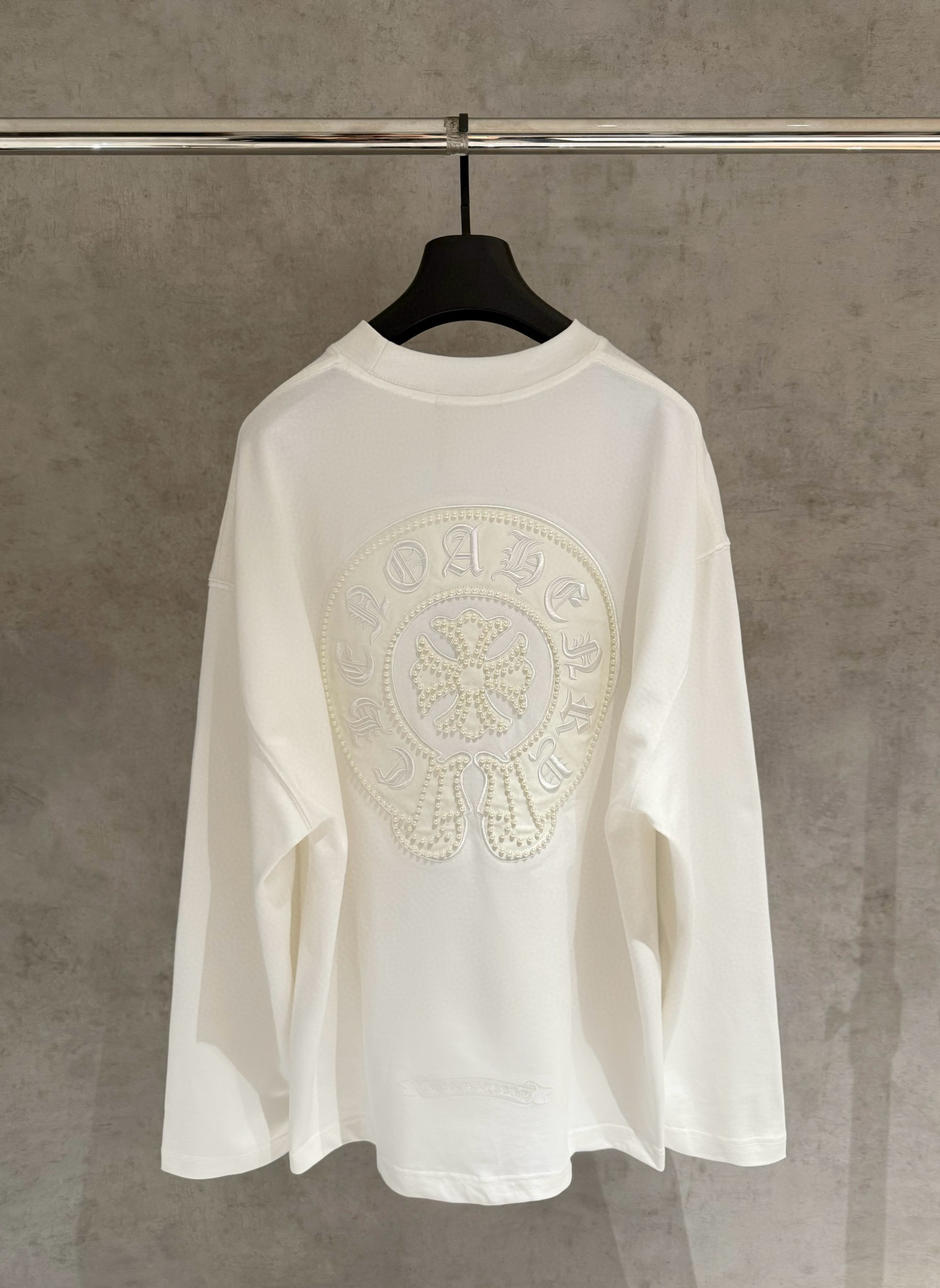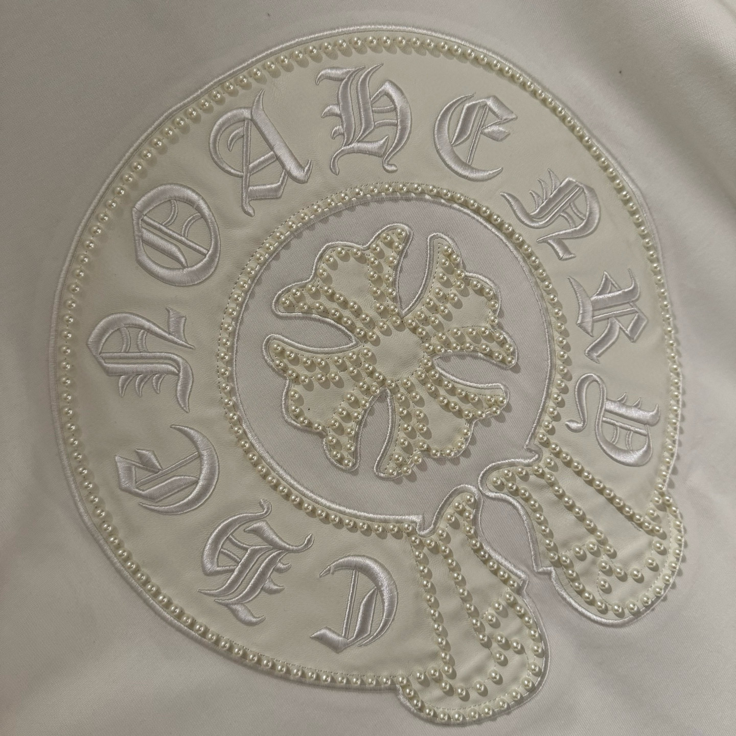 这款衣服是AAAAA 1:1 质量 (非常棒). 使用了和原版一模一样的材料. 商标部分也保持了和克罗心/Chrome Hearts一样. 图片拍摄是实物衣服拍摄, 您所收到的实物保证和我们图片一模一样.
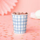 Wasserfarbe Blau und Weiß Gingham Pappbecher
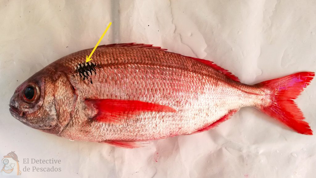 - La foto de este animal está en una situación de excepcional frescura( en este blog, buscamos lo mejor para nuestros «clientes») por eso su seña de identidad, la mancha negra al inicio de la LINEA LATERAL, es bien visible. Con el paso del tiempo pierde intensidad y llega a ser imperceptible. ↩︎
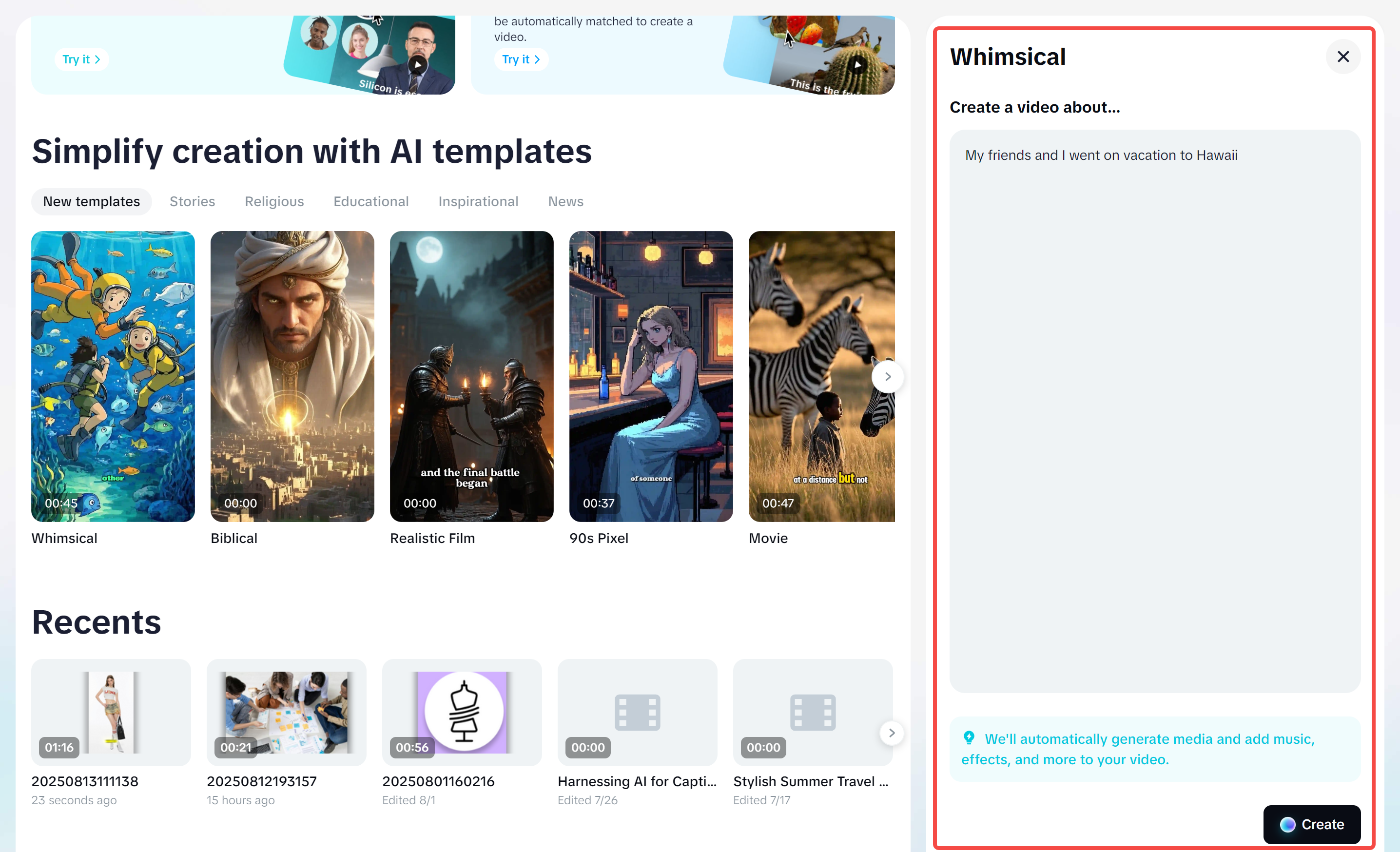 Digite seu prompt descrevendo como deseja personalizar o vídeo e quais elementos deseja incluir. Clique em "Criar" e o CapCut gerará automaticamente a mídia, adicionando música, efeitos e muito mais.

═══

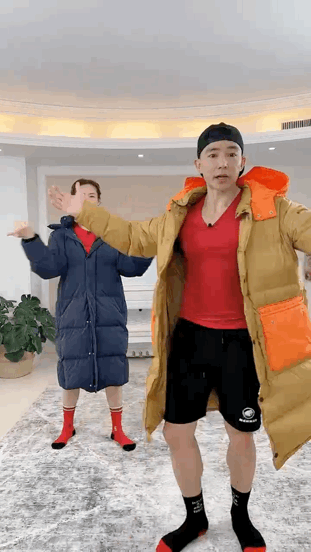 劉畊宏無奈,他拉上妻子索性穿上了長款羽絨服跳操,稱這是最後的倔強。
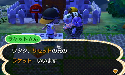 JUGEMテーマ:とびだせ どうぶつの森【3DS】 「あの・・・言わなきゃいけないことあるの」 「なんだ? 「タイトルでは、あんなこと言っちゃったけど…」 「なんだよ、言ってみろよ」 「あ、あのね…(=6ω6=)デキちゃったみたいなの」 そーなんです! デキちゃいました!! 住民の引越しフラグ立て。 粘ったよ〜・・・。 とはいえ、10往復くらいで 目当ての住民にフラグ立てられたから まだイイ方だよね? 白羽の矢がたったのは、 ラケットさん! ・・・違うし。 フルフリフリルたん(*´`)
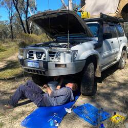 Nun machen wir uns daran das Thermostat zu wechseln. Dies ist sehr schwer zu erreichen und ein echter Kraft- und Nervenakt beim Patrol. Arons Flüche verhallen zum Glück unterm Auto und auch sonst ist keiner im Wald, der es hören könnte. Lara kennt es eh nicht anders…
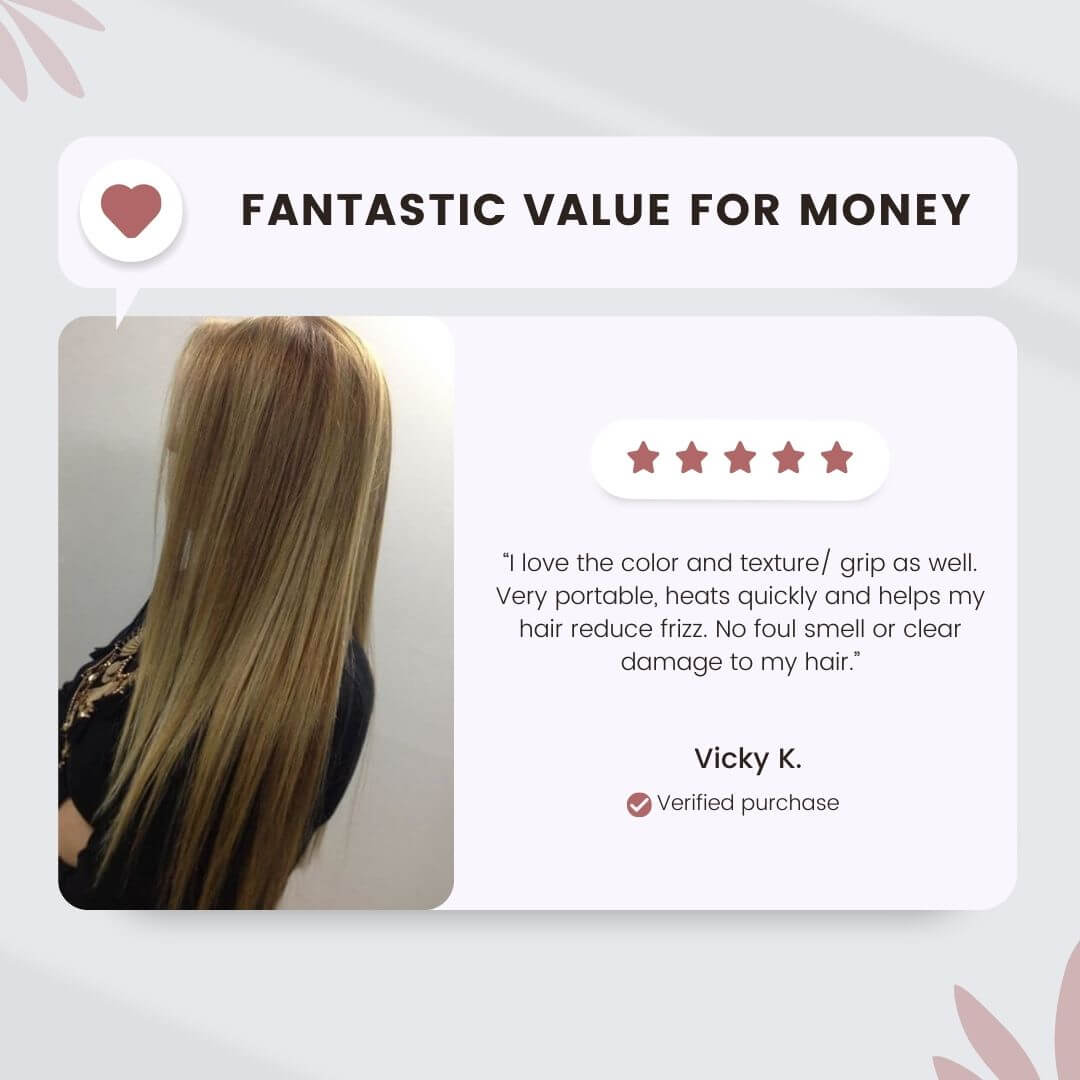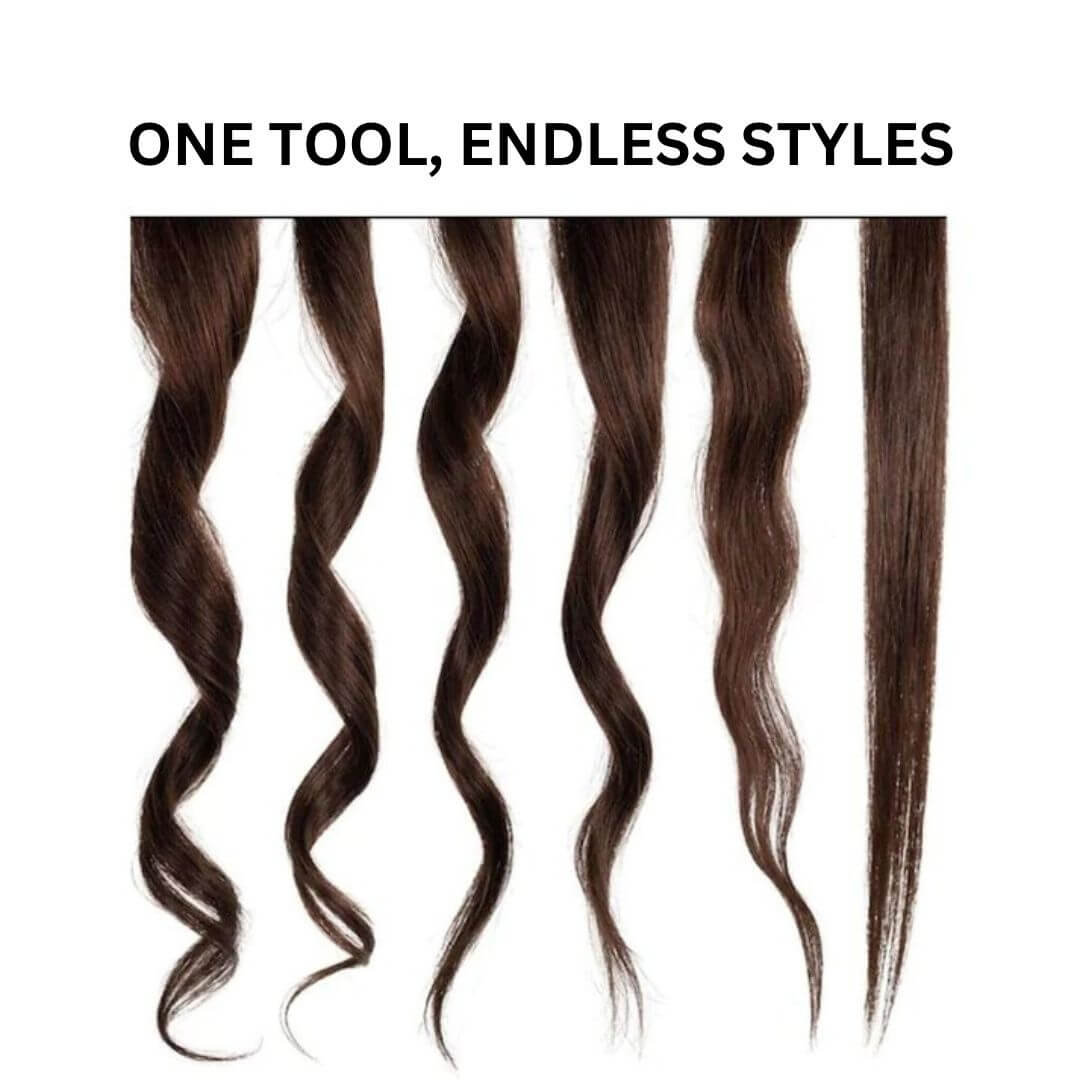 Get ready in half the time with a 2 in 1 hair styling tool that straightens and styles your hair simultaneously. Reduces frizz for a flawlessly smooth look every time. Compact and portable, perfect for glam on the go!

═══

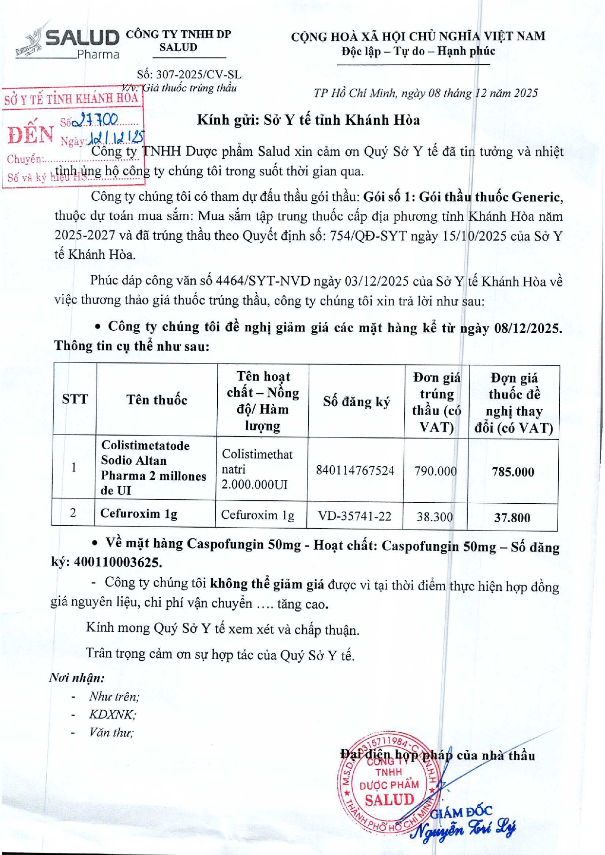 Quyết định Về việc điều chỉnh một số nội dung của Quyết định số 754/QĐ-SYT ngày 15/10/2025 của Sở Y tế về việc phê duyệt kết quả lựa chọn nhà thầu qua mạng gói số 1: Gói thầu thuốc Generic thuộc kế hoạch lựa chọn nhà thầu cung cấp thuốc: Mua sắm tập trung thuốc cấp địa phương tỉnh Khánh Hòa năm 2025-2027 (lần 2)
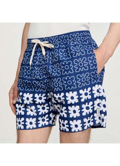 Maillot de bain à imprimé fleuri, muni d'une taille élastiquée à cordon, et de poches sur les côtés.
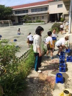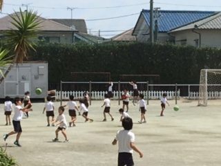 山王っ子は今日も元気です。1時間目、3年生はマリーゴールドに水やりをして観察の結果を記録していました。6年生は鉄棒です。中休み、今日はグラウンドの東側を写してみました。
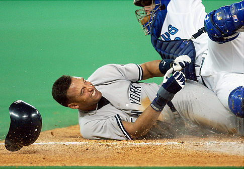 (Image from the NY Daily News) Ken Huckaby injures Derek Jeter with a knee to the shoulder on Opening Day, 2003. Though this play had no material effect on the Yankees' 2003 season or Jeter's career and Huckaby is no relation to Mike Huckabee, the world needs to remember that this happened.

═══

▸ **DIRECTIONS FOR THIS TASK**
Please return the material above only from the line that holds "这款衣服是AAAAA 1:1 质量" through the line that holds "Digite seu prompt", exactly as it stands, ends included and pictures omitted.

▸ **EXERCISE SOLUTION**
 这款衣服是AAAAA 1:1 质量 (非常棒). 使用了和原版一模一样的材料. 商标部分也保持了和克罗心/Chrome Hearts一样. 图片拍摄是实物衣服拍摄, 您所收到的实物保证和我们图片一模一样.
 Wasserfarbe Blau und Weiß Gingham Pappbecher
 - La foto de este animal está en una situación de excepcional frescura( en este blog, buscamos lo mejor para nuestros «clientes») por eso su seña de identidad, la mancha negra al inicio de la LINEA LATERAL, es bien visible. Con el paso del tiempo pierde intensidad y llega a ser imperceptible. ↩︎
 Digite seu prompt descrevendo como deseja personalizar o vídeo e quais elementos deseja incluir. Clique em "Criar" e o CapCut gerará automaticamente a mídia, adicionando música, efeitos e muito mais.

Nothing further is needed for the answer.